I watched Ivey offer Kale a hug before searching me out. His stare traced over all of our LA friends before finding me, and when he caught my stare, he blinded me with a breathtaking smile that had my knees going weak.

“It’s not the same,” Grayson went on, unbothered. “It’s like having an honorary doctorate as opposed to having done all the work.”

“Rob does plenty of work with you. I’ve heard stories.”

“What does that mean?” Grayson asked, eyes going wide just as Ivey came around the corner of the table and slid into the empty seat at my right.

“Ask Robert,” I teased, reaching up and stroking my fingers down the swell of Ivey’s throat. His cheeks flushed at my touch and I leaned in close to whisper, “If I close my eyes, I can still picture you choking on a twelve inch cock.”

He shivered, lashes fluttering.

“Happy anniversary, Ivey,” I murmured, sliding my fingers around to collar his throat. I kissed him chastely on the mouth. “Are you happy?”

“I don’t think I’ve ever been happier. I can’t believe you arranged this.”

“I feel like I get you to myself most of the time,” I said. “I thought it would be a good occasion to make sure you knew I wasn’t the only one who loves you.”

“And Alex?” His mouth quirked in the corner, and I had half a mind to gag him over it.

“He seems smitten with Dylan.”

It was easy to make assumptions about everyone at the table. Ivey was the way he was, which meant Alex was…more like me than I would ever admit out loud.
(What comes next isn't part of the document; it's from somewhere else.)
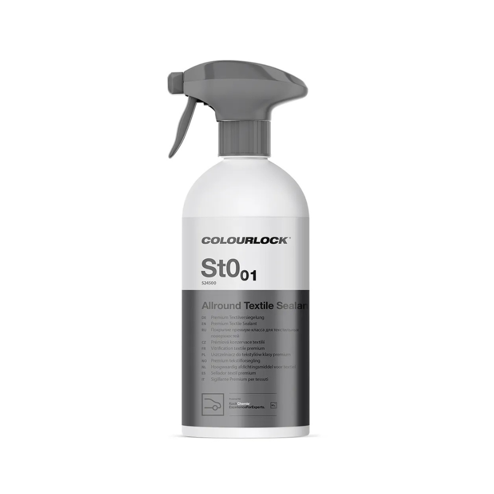 Koch Chemie Colourlock Allround Textile Sealant (St001), com a sua agradável fragrância fresca, é adequado para tratar os têxteis do interior e exterior (ideal para as capotas em lona dos carros descapotáveis). O seu acabamento garante um efeito de limpeza fácil e uma longa vida útil.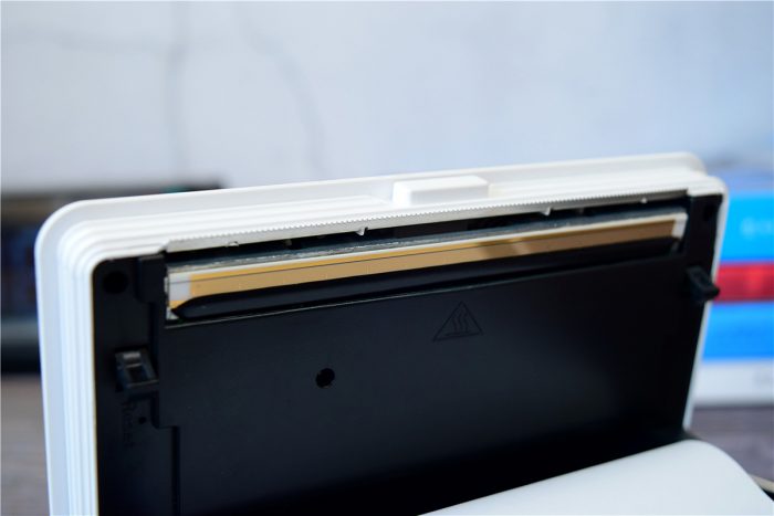开启上盖后,在内侧靠近上方的位置是热敏打印头,采用了日本专业打印头,能够带来300dpi视网膜级别的打印分辨率,让打印画面更加清晰细腻,注意机器工作时不要去触碰打印头,以免烫伤。

Swallowing, I watched the less-than-tender way he curled his fingers around Dylan’s arm, peeling his fingers back to leave a kiss against the inside of his wrist.

“He is,” Ivey agreed.

“How’s everyone’s drinks?” the man from check-in, Cameron, called out, voice ringing loud and clear over all of our conversations. He was met with a rousing noise that sounded a lot like approval. “Great. Salads are coming!”

Ivey chuckled and settled back in his seat. “Do you have any other secrets up your sleeve Mr. Fox?” he asked.

In the shower, I’d picked the airtight bandage off my ring finger, and I lifted my left hand onto the table, giving that finger a wiggle.

“No,” I told him, “but I would love if you could give me back my wedding band.”

Another low laugh, and he looked down at my ring on his right hand, then his on the left. Ivey’s band was heavy and plain, simple and understated compared to mine, which was brighter and bigger than necessary, but I didn’t want anyone to miss it. I didn’t want anyone to even suspect there might not be a man at home who had my whole heart.

“I was just getting used to it,” he teased.

The post-play glow must have had him feeling bold, or maybe it was the presence of his friends—our friends—that left him feeling like he could speak out of turn that way.

“Get un-used to it.”

He flashed me a dangerous smile. “Make me.”

“Oh, Ivey.”

I grabbed his wrist, much harder than was necessary, and I lifted his hand to my mouth. With my stare trained on his, I sucked his whole ring finger into my mouth, using my tongue to swirl off the band that was his just as much as it was mine. Once it popped over the last knuckle and landed on my tongue, I gave his finger one wet suck…for good measure.

“I said salads were coming,” Cameron said from behind me, reaching around my other side and setting a plate down in front of me. “You didn’t need to eat your husband.”

Grayson barked out a sharp laugh, pouring the rest of his wine down his throat.

“I like this one,” he said, gesturing to Cameron with an empty glass. “Let’s eat.”